Ex-jogador quer levar VW à liderança
Jogador da categoria de base do argentino Huracán por três anos, Pablo Di Si era zagueiro e volante quando o time venceu o campeonato nacional de futebol juvenil da Argentina, em 1987, por pontos corridos. “Nossa equipe não era a melhor, mas éramos unidos e jogávamos de fato como um time, por isso vencemos”, diz o hoje presidente da Volkswagen América do Sul e Brasil, que quer usar a mesma tática para levar a marca de volta à liderança do mercado brasileiro.
Filho único, Di Si sempre teve apoio para os estudos por parte dos pais, que lamentavam o fato de terem sido obrigados a deixar a escola quando crianças para ajudar a família. Quando ele era pequeno, o pai trabalhava no porto e a mãe como costureira. “O que ganhavam ia para minha educação, mas, vivendo num país volátil como a Argentina, não era muito fácil.”
Aos 17 anos, Di Si conseguiu uma bolsa de estudos nos Estados Unidos após enviar, por correio, fitas VHS com sua performance para diretores de atletismo de 20 universidades. Os EUA se preparavam para sediar a Copa do Mundo de 1994 e queriam estimular o futebol.

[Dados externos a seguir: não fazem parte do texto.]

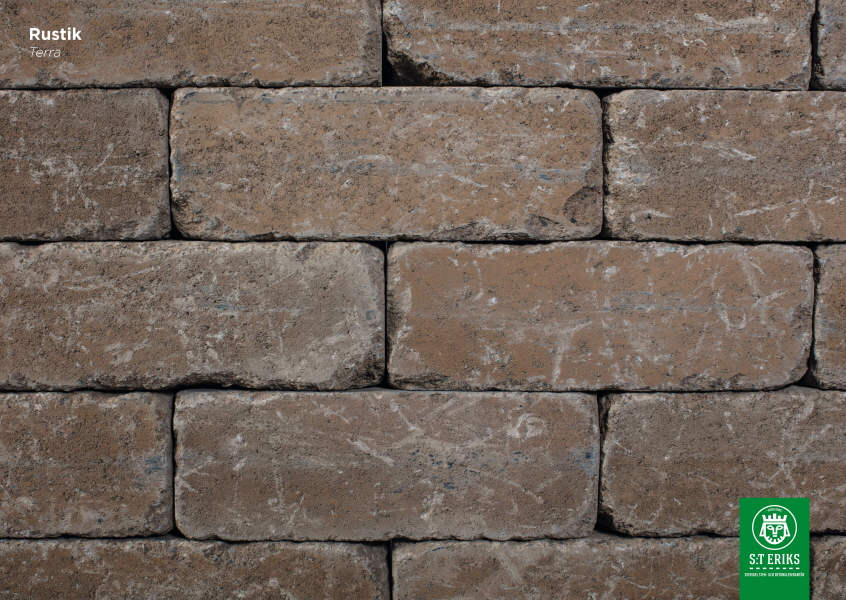 Rustik block ger en stabil och tydlig inramning av den lagda ytan. Precis som sin släkting markstenen Rustik är blocket trumlat och finns i matchande färgskala. Blanda normal-, halv- och multiblock för en varierad mursida. I serien finns också ett radieblock som gör det enkelt att bygga svängda murar. Blocket fungerar även till små nivåupptagande trädgårdstrappor, terrasseringar och låga murar. Multiblocket kan användas vid murbygget, men fungerar också bra som kantsten.
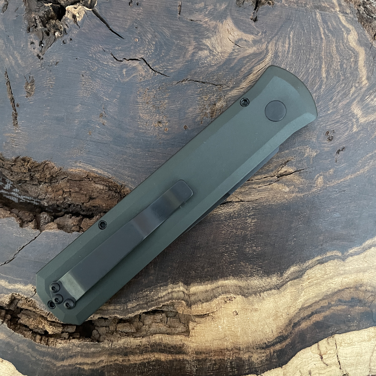 This model features solid green anodized 6061-T6 aluminum handle scales. Black finished 154-CM stainless steel bayonet style spear point blade. The blade is marked with the Pro-Tech logo and model information. Brand new in box.

Di Si foi chamado por todas elas para entrevistas e escolheu a Loyola University, de Chicago. Treinava cinco horas por dia, estudava e de madrugada trabalhava na Varig, transportando malas dos passageiros que chegavam em um voo às 4h. “Muitas vezes deixava de jantar para economizar dinheiro.”
Após dois anos no time universitário, a direção da Loyola lhe deu a opção de manter a bolsa ligada ao futebol ou trocá-la por outra só para estudos, pois tinha boas notas. Optou pela segunda. Formou-se em Administração e Finanças, fez mestrados e MBAs e trabalhou em empresas como Abbott, Monsanto, Kimberly-Clark, CNH e Fiat.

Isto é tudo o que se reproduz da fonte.